As part of the restructuring plan, Mesa will extended the term
of is code-share agreement with US Airways, Inc. through September
2015, and has eliminated over 100 unnecessary aircraft leases and
financings that contributed to the deleveraging of Mesa’s
balance sheet in the approximate amount of $700 million in
capitalized leases and $50 million in debt. Restructured aircraft
leases and financings for Mesa’s fleet of CRJ 200 and Dash 8
aircraft resulting in flexibility and no long-term lease exposure
on the CRJ 200 50-seat regional jet aircraft, and Mesa will emerge
as a private company and issue new notes, common stock, and
warrants to its creditors.
“Mesa is now poised to enter its next chapter as a strong
airline ready to compete in an ever changing industry. We are
particularly proud of the fact that during our restructuring, Mesa
achieved – and has consistently maintained – regional
airline leading operational performance as reported by the U.S.

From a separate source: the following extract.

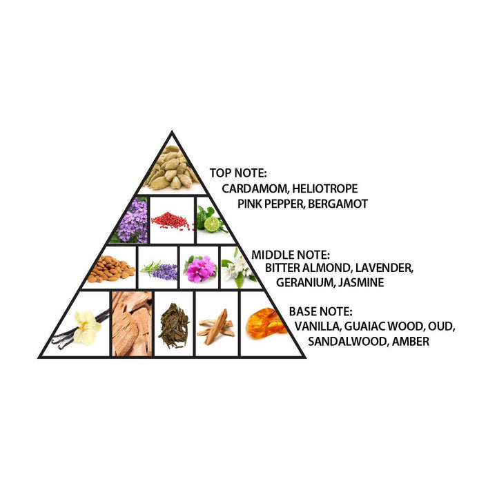 At its core, explosively blended top notes of cardamom, heliotrope, pink pepper, and bergamot seize your attention, leaving an indelible mark of power. As the fragrance unfurls, the heart reveals a complex fusion of bitter almonds, lavender, geranium, and jasmine, infusing the composition with an unyielding depth and boldness. The base notes of vanilla, guaiac wood, agarwood, sandalwood, and amber form an unapologetically robust and commanding foundation, completing this daring aromatic masterpiece.

Dept. of Transportation, including Mesa achieving the highest
monthly On Time Performance of all regional airlines since May
2010. This strong operational performance is a tribute to the hard
work and dedication of all of our employees and came during a time
when many of our employees contributed to our financial savings
through the taking of additional unpaid days off. This level of
dedication and associated strong operational performance has
provided a strong foundation upon which to return our airline to
sustained profitability and future growth,” Ornstein
said.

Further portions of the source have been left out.